Hopefully, by now you’ve done homework and feel like you are progressing in new ways.
(I’d love to hear about it! Send me a note.)
Now we are on STEP 3
“S”
Service
This one may make little sense to you.
You may think,
“Really? That sounds backwards. I don’t know my purpose yet. I’ll try service once I get that figured out, duh.”
It’s not as backwards as you think.
What will appeal to us in terms of service is often closely tied to our talents, gifts, and greater purpose.
Here’s an example:
When my kids were very little I made a point of helping my friends prepare for a big, yearly program. Instead of being fulfilling, it was frustrating and felt futile. I realized that my skills and passions were better served elsewhere. This eventually lead to many other types of service that tapped into my greater purpose and held greater meaning for me.

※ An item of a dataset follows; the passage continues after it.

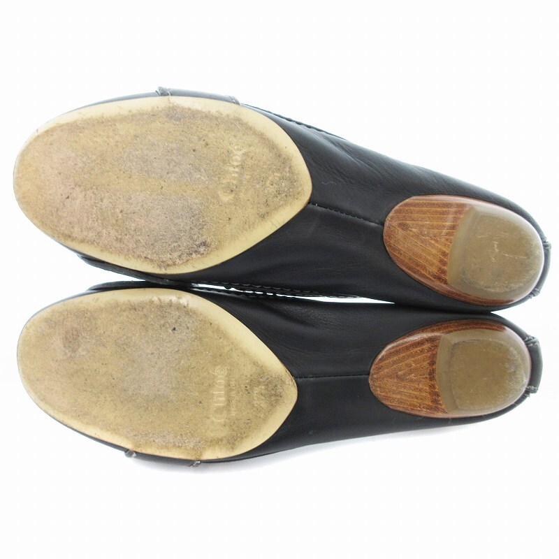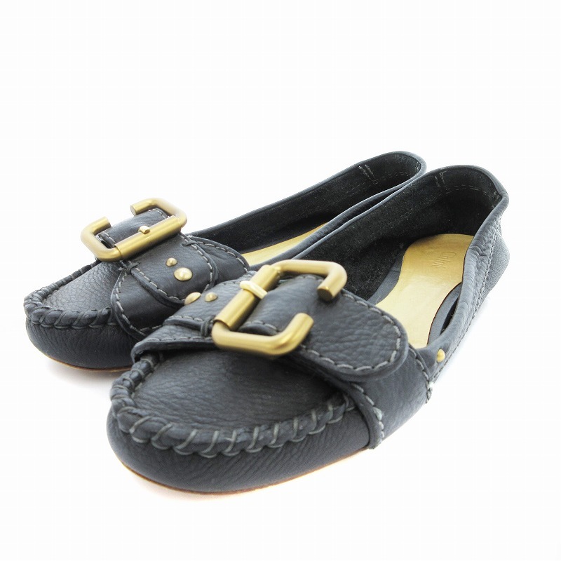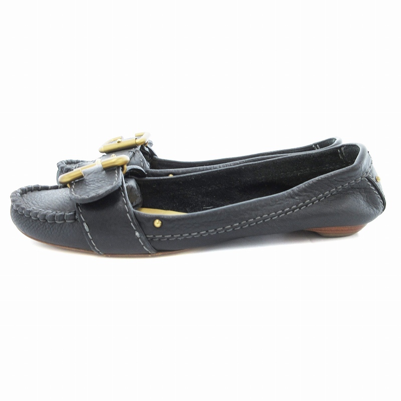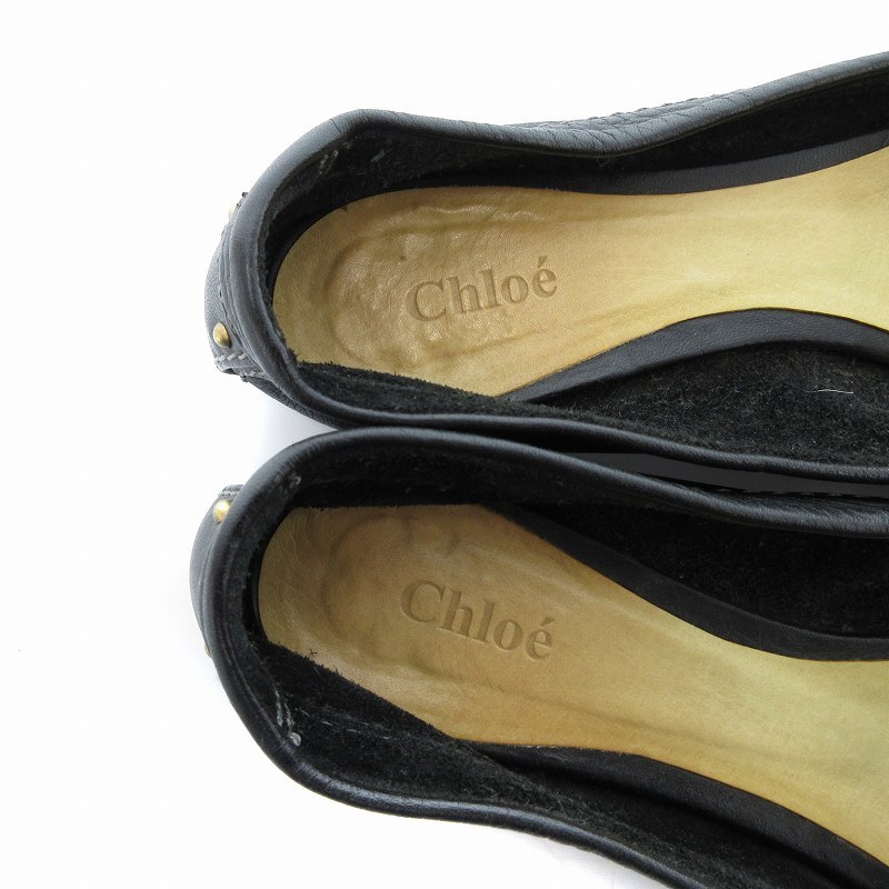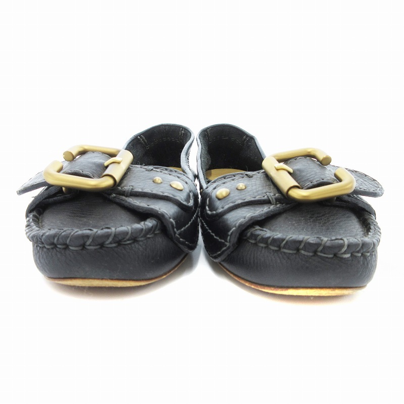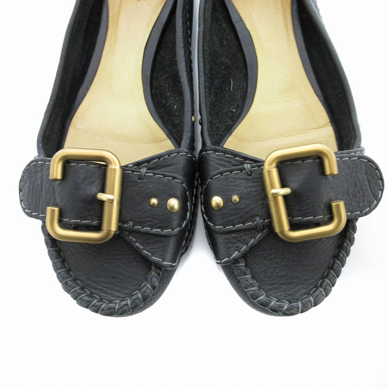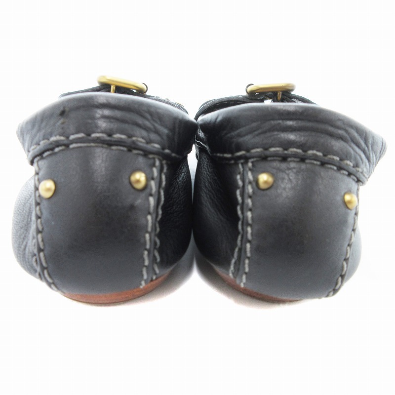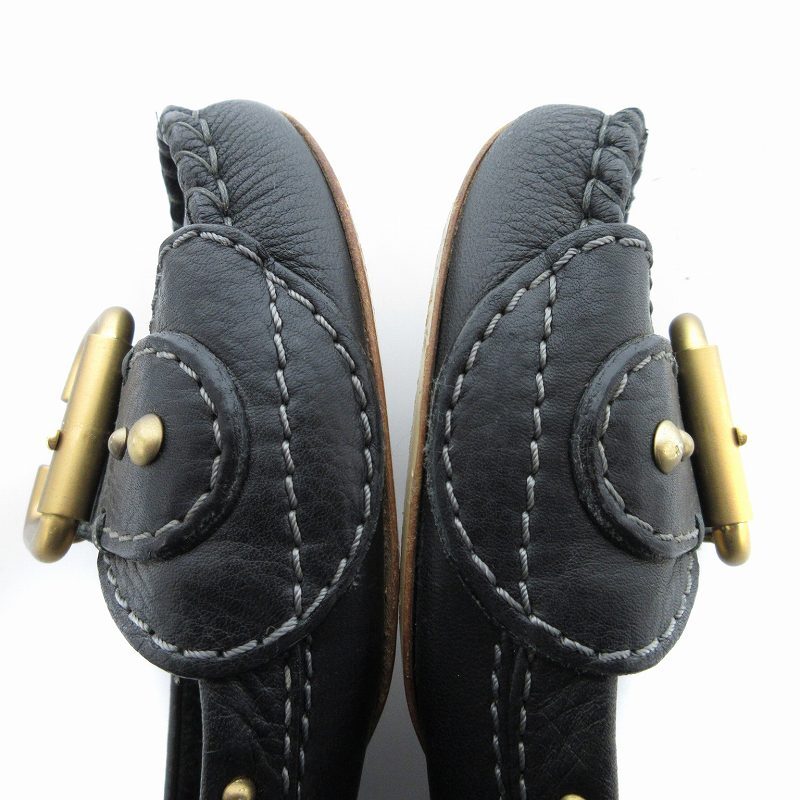 クロエ CHLOE フラットパンプス ベルトデザイン レザー 37.5 黒 ブラック /JS レディース

In the beginning, what drew me to help out was a sense of friendship, community, and desire to love and minister to others–to be part of something greater than myself. Those were all things I kept seeking. What I left behind were projects that could miss the forrest for the trees. The experience helped me know when projects were too detail-oriented to be optimally useful in a greater way, for my preferences.

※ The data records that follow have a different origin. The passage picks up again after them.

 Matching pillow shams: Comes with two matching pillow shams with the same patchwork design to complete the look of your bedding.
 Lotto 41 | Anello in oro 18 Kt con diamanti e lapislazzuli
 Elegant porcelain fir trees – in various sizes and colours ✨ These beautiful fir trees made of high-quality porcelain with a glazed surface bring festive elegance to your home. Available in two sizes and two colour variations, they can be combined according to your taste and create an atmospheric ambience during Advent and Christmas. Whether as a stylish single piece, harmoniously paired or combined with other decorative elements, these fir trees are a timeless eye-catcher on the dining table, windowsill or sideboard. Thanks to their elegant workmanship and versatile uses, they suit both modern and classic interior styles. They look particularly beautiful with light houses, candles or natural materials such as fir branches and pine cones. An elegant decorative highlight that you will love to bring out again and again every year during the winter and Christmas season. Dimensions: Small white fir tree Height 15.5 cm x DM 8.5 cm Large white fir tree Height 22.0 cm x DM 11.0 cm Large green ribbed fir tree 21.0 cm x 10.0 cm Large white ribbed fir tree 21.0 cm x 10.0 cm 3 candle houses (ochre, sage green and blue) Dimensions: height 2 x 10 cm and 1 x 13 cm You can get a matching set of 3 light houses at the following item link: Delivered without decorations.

Would I have been able to narrow things down for myself without making this (seeming) mistake? No. And it wasn’t a mistake to help, it was a clarifying exercise.
Would I have been able to decipher what types of service aren’t a good fit for me without this experience? Unlikely.
In serving, something else happens. It’s big and you’ll see the pattern once I mention it:
In losing ourselves we are found.
That means by taking ourselves out of the middle, we can see and choose better and more easily.
(It doesn’t mean thinking less of ourselves, but thinking of ourselves less–by design. Thus, we more expertly “stumble” on to bigger insights.)
In a way, you don’t find your purpose at all, it finds you.
From my perspective, finding God works the same way. You are only lost to yourself, not to God. So you don’t so much “find him” nor does he “find” you. Instead you wake up.
The same holds true for finding your purpose.
We tend to assume, just by default, that finding our purpose must start and end with us. Not so.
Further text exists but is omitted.